Wellness Apps and Privacy

From Seyfarth Shaw LLP, by Diane Dygert:

  • Employers are increasingly interested in providing wellness tools, such as apps and wearables, to enhance employee benefits. These tools, which cover various areas like mental health, physical fitness, and financial fitness, are relatively inexpensive and easily accessible.
  • The Health Insurance Portability and Accountability Act (HIPAA) protects the privacy and security of individually identifiable health information. However, this only applies to data created or maintained by a “covered entity”, usually healthcare providers or health plans. Many wellness apps are not developed by such entities, and therefore, their data may not be protected by HIPAA.
  • If a wellness app is provided as part of an employer’s health plan, the underlying data collected may be considered HIPAA Protected Health Information (PHI). In such cases, the wellness vendor and the health plan must enter into a HIPAA compliant business associate agreement outlining the uses and security measures for the PHI.
  • State laws may also impact the privacy of health data collected through wellness apps.

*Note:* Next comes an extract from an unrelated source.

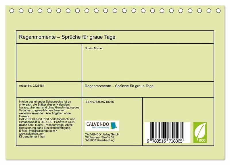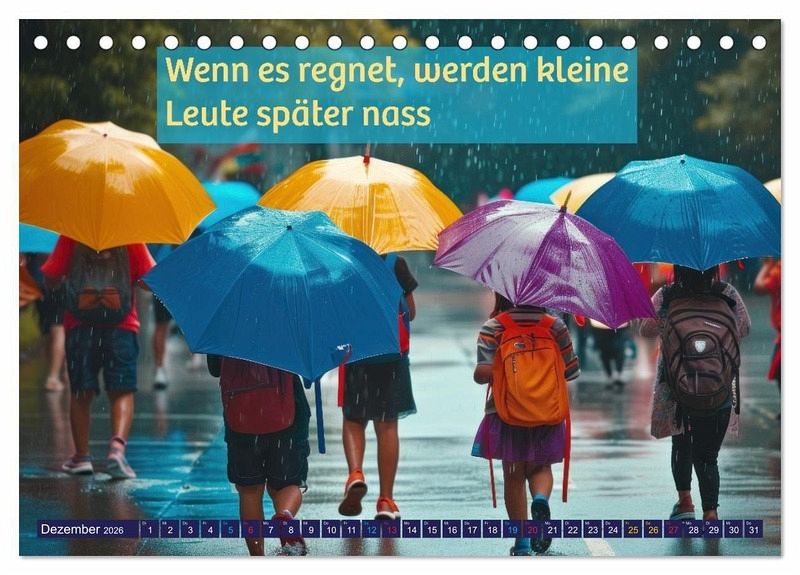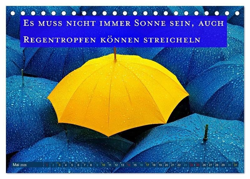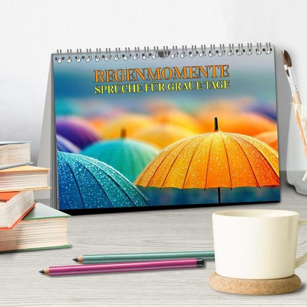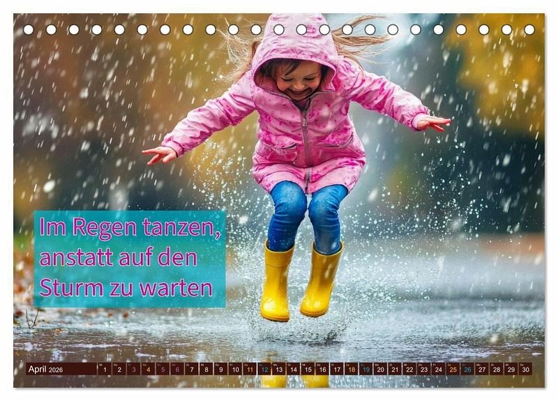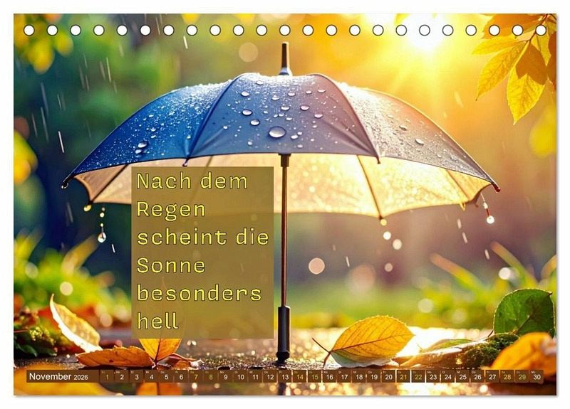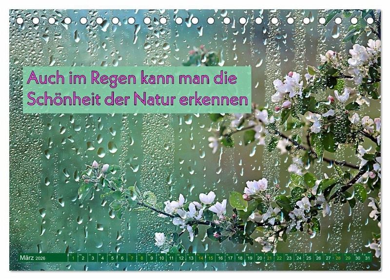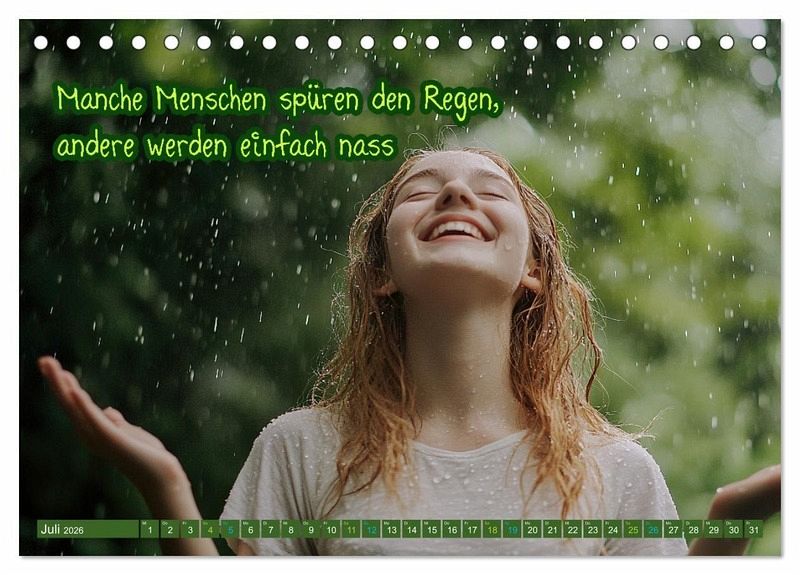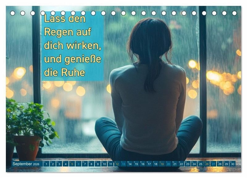 Dieser Kalender ist dein Begleiter durch das Jahr, mit stimmungsvollen Regenmotiven und inspirierenden Worten, die daran erinnern, dass selbst trübe Tage ihre eigene Magie haben.

Several states are passing their own privacy laws to cover health data privacy gaps in HIPAA’s scope. However, most of these laws exclude information collected in the scope of an employment relationship, and the extent of these exclusions is not yet clear.
  • Employers deploying wellness apps should consider privacy implications at both federal and state levels before implementation. Failure to do so could potentially lead to privacy law liability.